Quantitative electronic Lewis structure derived from nuclear coordinates of molecules:
Three Conformers of C12H26: Summary

Original computations: C12H26.nb, C12H26_1.nb, C12H26_2.nb
(ES  28 March/15/16 February 2019).
Structures from HF/6-31G(d,p) opt. Parameters: ~ Ethane. Rotations around C-C bonds; left is “normal”, all-anti conformer.



1) The Kimball model results for these three conformers have been computed with the optimized coordinates of HF/6-31G(d,p) runs with Gamess™. These results are within very small error limits identical to the first principles computations, given below 5).
We have used parameters optimized for ethane. The parameters are the same for the three cases.

2) Among the energy (derived) values, the four categories Vtot, Ttot, Etot, and Vir show very small differences of a size and direction expected for such conformers. Compare to the values perpetrated in any text of Organic Chemistry for butane, staggered, gauche, eclipsed, a few kcal/mol.

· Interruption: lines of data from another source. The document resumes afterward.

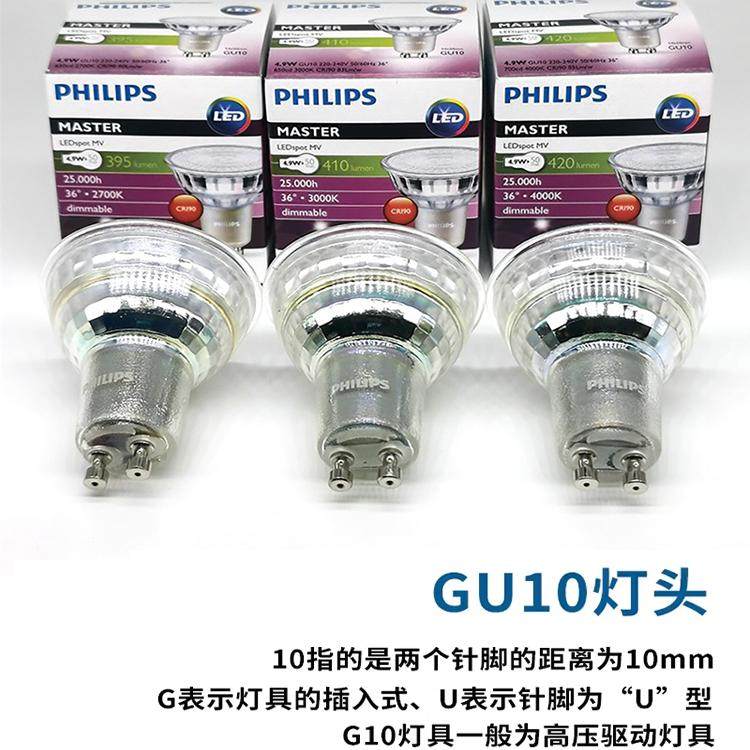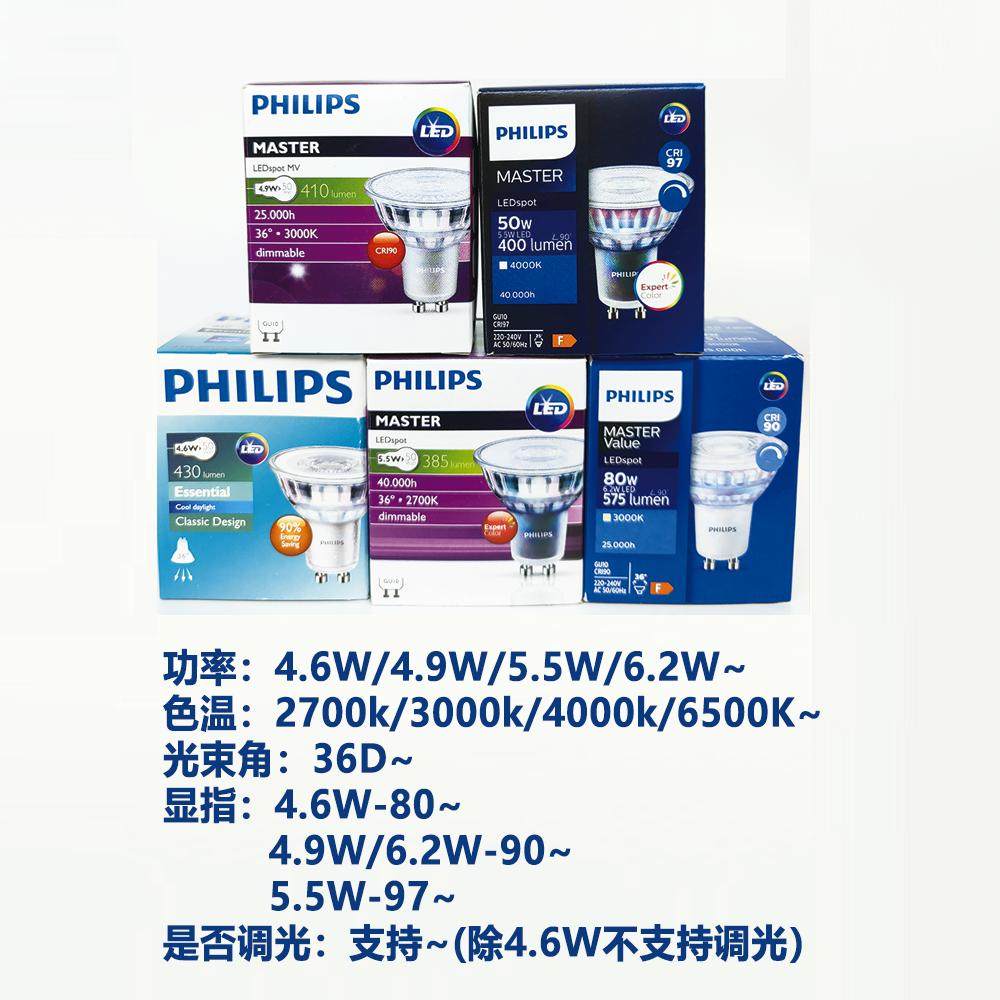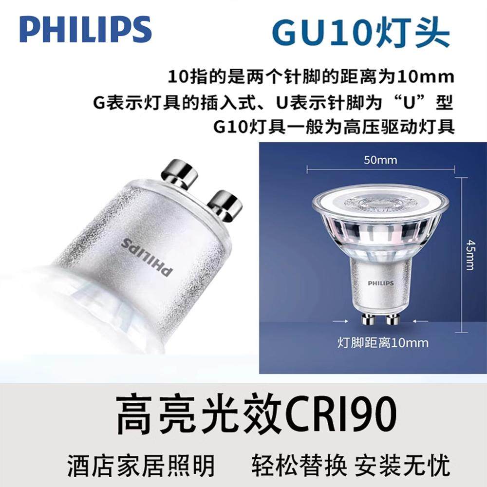 飞利浦GU10灯杯LED射灯小灯泡台灯卡口220V插脚水晶灯灯泡白黄光
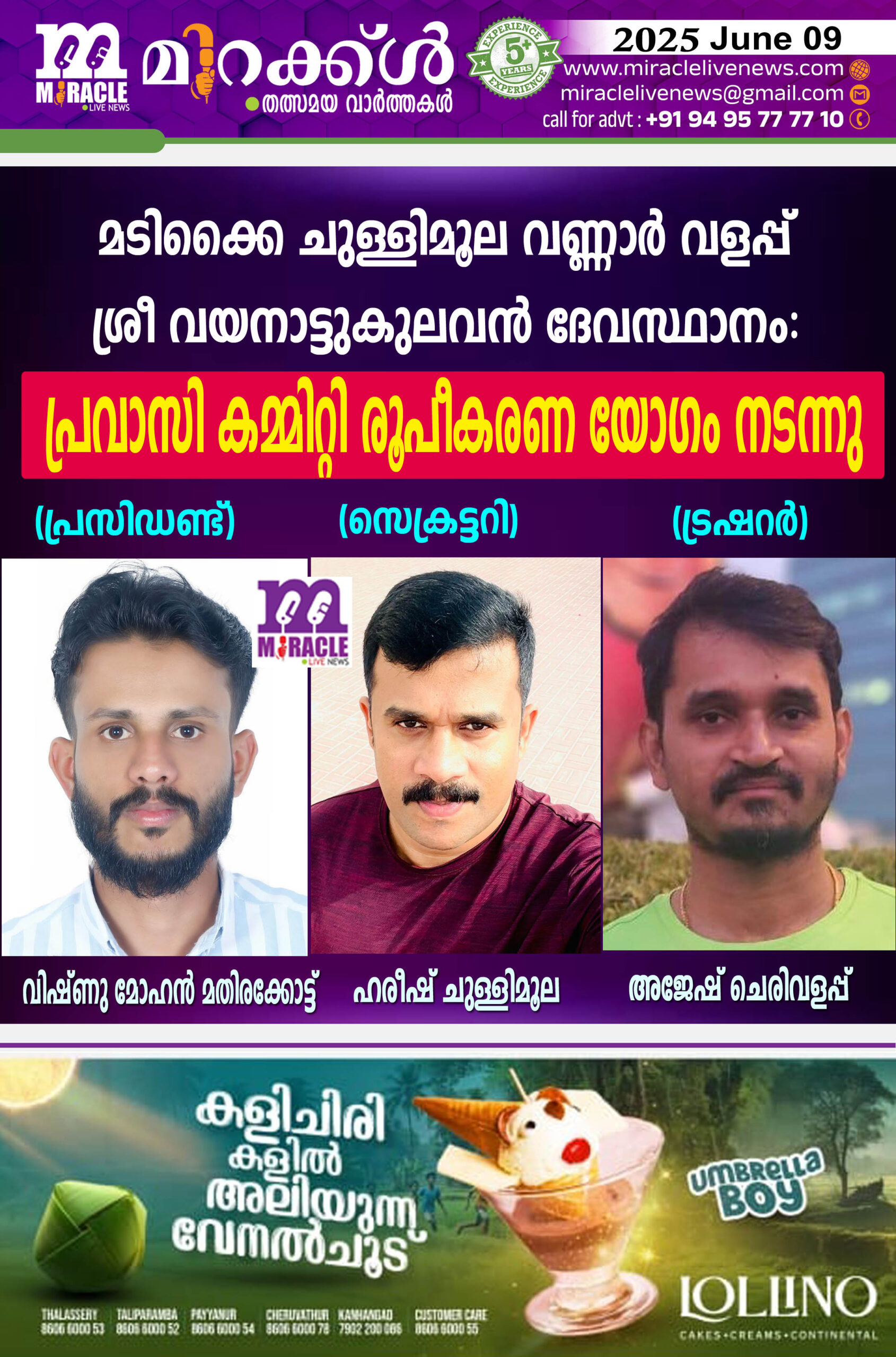 ഷാര്‍ജ :മടിക്കൈ ചുള്ളിമൂല വണ്ണാര്‍ വളപ്പ് ശ്രീ വയനാട്ടുകുലവന്‍ ദേവസ്ഥാനം പുനരുദ്ധാരണത്തിന്റെ ഭാഗമായി പ്രവാസി കമ്മിറ്റി രൂപീകരണ യോഗം ഷാര്‍ജ റുവി അപ്പാര്‍ട്‌മെന്റ് വെച്ച് നടന്നു. ഹരീഷ് ചുള്ളിമൂല സ്വാഗതം പറഞ്ഞു. വിഷ്ണു മോഹന്‍ അധ്യക്ഷത വഹിച്ചു. രാമകൃഷ്ണന്‍, മണികണ്ഠന്‍, ചന്ദ്രന്‍ കാട്ടാമ്പള്ളി, ബാബു മതിരക്കോട്ട്, രവി, മധു, ബാബു കൊക്കോട്ട്, വിനോദ് എന്‍. പി, കൃഷ്ണന്‍, വിനോദ് കാണോത്ത് എന്നിവര്‍ സംസാരിച്ചു. യോഗത്തില്‍ 34 അംഗ എക്‌സിക്യൂട്ടീവ് കമ്മിറ്റിയെ തെരെഞ്ഞെടുത്തു. തുടര്‍ന്ന് പുതിയ ഭാരവാഹികളെ തിരെഞ്ഞെടുത്തു. രാമകൃഷ്ണന്‍, എം. കെ ദിവാകരന്‍,എന്‍. പി ചന്ദ്രന്‍ തലക്കാനം, മണികണ്ഠന്‍ നായര്‍, ബാബു മതിരക്കോട്ട് (രക്ഷാധികാരികള്‍ ), വിഷ്ണു മോഹന്‍ മതിരക്കോട്ട് (പ്രസിഡന്റ് ),തങ്കരാജന്‍ (വൈസ് പ്രസിഡന്റ്), ഹരീഷ് ചുള്ളിമൂല (സെക്രട്ടറി),ദിനേശന്‍ മാടം (ജോയിന്റ് സെക്രട്ടറി), അജേഷ് ചെരിവളപ്പ് (ട്രഷറര്‍), വിനോദ് കാണോത്ത് (ജോയിന്റ്ട്രഷറര്‍).
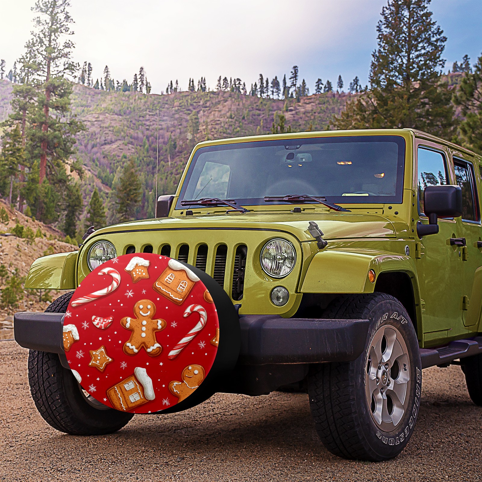 Cookies And Candy Cane Spare Tire Cover, Waterproof Wheel Protector Universal Fits for Truck SUV RV Trailer Camper (14 Inch)

It turns out that the normal, staggered, “straight” hydrocarbon model with all-anti geometry has the highest stability. For the showcase butane the conformational energy changes are nearly local. If the rotation of two CH2-groups from anti to gauche happens in the middle of a larger hydrocarbon, dramatic changes happen. The molecular chain after the rotation bends slightly back on the part before the rotation and changes the potential energy to a large extent “through space”. As example, the picture, below left, is a projection on the xy-plane of a straight C12H26 molecule with one gauche CH2-pair. The red insert shows the chain after a rotation of 120° between the 6th and 7th CH2 groups around the pivot C-C bond depicted in green. The red half protrudes into the z-direction, of course, as the Newman projection in the zy plane, right, shows.
C12H26_all_2.gif     C12H26_all_new_3.gif
3) These changes manifest themselves differently in the components Vee, Vnn, and Vne. While the first two increase, the latter decreases such that the total change adds up to nearly zero. But the not compensated rest is comparable to the total conformational energy change. Hence, this is not only a local effect as the showcase butane suggests. I do not know of any chemistry text which mentions these effects. They are a clear indication that the chemist’s local interpretation of chemical bonding falls short: From the straight C12H26 hydrocarbon on top of the first page, left, to the most perturbed conformer, right, the nuclear repulsion energy Vnn increases by 10%, ~ +42’000 kcal/mol, Vee by 7.9%, ~ +41’000 kcal/mol, while Vne decreases nearly by the sum of these values, ~ -83’000 kcal/mol!

4) The total, minute, energy changes make such conformation conversions thermally possible, even near standard temperature. But, there is a huge reshuffling of energy components connected to it. In order to show that this is not an artifact of Kimball’s model, the next paragraph summarizes first principles quantum chemical computations of the same three molecules, which  exhibit the same changes in the potential energy components. Chemical consequences, if there are, will be described elsewhere.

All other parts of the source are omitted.